Be wild sometimes. Self-discipline is necessary for an artist of any age, or one will never make time for doing the work of making art. But if your child doesn't go wild sometimes, she won't find a new way to say what is important.

Display your child's art in important family places.  Put the work on the refrigerator, a closet door, on the walls.  A statistically significant number of adult practicing artists cite seeing their paintings on the refrigerator as a factor in choosing art as a career.

Sign up for classes at a local museum, art gallery or artist's studio.  It is good for your child to have a widening view of what is possible in art.  This comes most easily when the art making experience is shared with others.  However, do choose an instructor who is willing to give honest critiques to students.  Even small children know when a passing comment of  "that's fine, dear" is disingenuous.

Encourage your child to have a relationship with a mentor.

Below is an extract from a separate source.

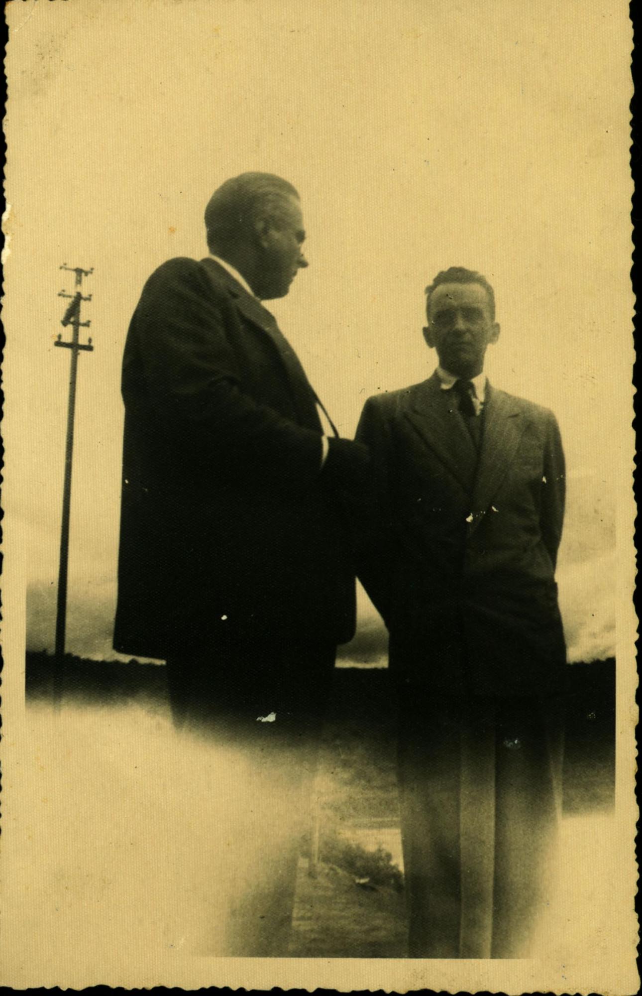 "C.V.R.D. - 1948 - MAIO - DERMEVAL, PRESIDENTE DA C.V.R.D. E O PREFEITO MUNICIPAL DE COLATINA, ESPIRITO SANTO" (VERSO)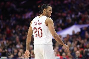 此役,杰倫·泰森出戰(zhàn)29分23秒,投籃15中8,三分7中3,罰球1中1,得到20分6籃板6助攻1搶斷,正負值+29。

Perhaps the most powerful relationship your child can have is with a practicing artist or art teacher who lets them work along beside them. The camaraderie and easy flow of ideas and tips is priceless.

Purchase the best quality art materials you can afford for your teen artist.  A fine quality brush doesn't just paint, it performs. Materials that respond with beauty to the hand and imagination are part of a life in love with art.

Even though these 7 ways to help your child become an artist take time and some planning on your part, one day you may discover that something very mysterious and compelling has started to enter your child's visual vocabulary and way of making marks.

And from there, the journey is interesting enough to become a lifetime in art.

These art works are all from a wonderfully varied and dynamic show at the Old School House Gallery on Cortes Island, mounted by the Children's Forest Trust and curated by Krista Smith.
Although it is right effort in the present to empower children to contribute to such a worthy fund-raising cause, it is also a gift to the future to empower children in art.